Parma, 11 novembre 2024 – Quasi 8 persone su 10, nel Comune di Fidenza, si dichiarano soddisfatte del servizio di gestione dei rifiuti, stando ai dati raccolti nel corso del 2023 da Atersir (Agenzia territoriale per i servizi idrici e rifiuti) insieme alle associazioni dei consumatori. Nel 2022, infatti, Atersir (Agenzia territoriale per i servizi idrici e rifiuti) e le associazioni parte del Crcu (Comitato regionale consumatori utenti) hanno deciso di dar corso a quanto stabilito dall’articolo 2 comma 461 della legge finanziaria per il 2008, che prevede che sia periodicamente verificata, con la partecipazione delle associazioni, l’adeguatezza dei parametri quantitativi e qualitativi dei servizi pubblici locali. Da qui è nata una proposta organica, forse unica tra le regioni, che supera il monitoraggio attualmente svolto direttamente dagli enti gestori, affiancando l’intervento di tre associazioni di consumatori – Cittadinanzattiva, Confconsumatori e Federconsumatori. Proprio questo progetto ha consentito ad Atersir di ottenere, alcuni giorni fa, il Premio Cnel “Impatto PA”.

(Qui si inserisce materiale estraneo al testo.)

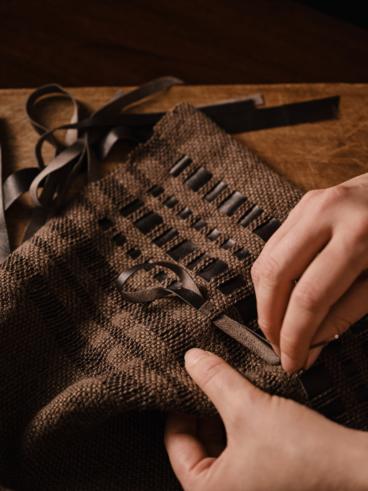 Different finishes, techniques, and trims can be used to create beautiful design details that enhance your bespoke accessory. From drawn thread-work and French seam details to knotted tassels and frayed fringing, or waxed cord and leather embroidery, it’s the details that add real artistry to custom-made pieces. Other signature de Le Cuona finishes available are suede and leather trims, piping, self-flange, borders, pin-tucks, covered buttons, panelling, quilting, knife edges, leather buckles, and leather corners.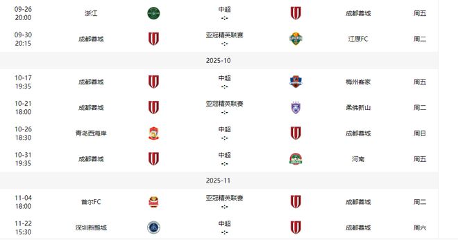 接下来以蓉城为对标对象,再来看看另外三队的赛程难度

OLTRE 400 UTENZE COINVOLTE

I lavori hanno avuto il via con un confronto che ha portato al coinvolgimento degli utenti e degli stakeholder nella stesura del questionario per la rilevazione della customer satisfaction. Nel corso del 2023, in via sperimentale, sono stati individuati tre bacini di utenze nell’ambito della gestione del servizio integrato dei rifiuti urbani, tra cui quello di Fidenza. Hanno composto il campione 340 utenze domestiche e 100 utenze non domestiche; i cittadini coinvolti sono stati divisi per fascia di età (25-40 anni e 40-70 anni).

QUALITÀ DEL SERVIZIO

L’indagine è stata condotta per via telefonica, attraverso la consultazione di elenchi pubblici, in modo da ottenere un campione randomizzato sul territorio comunale. Il questionario ha avuto in particolare come oggetto la conoscenza del gestore e la soddisfazione dei servizi forniti quali:

  • raccolta rifiuti porta a porta;
  • ritiro ingombranti;
  • centri raccolta;
  • pulizia strade;
  • canali di contatto;
  • tariffazione (per valutare il livello conoscenza sul tema).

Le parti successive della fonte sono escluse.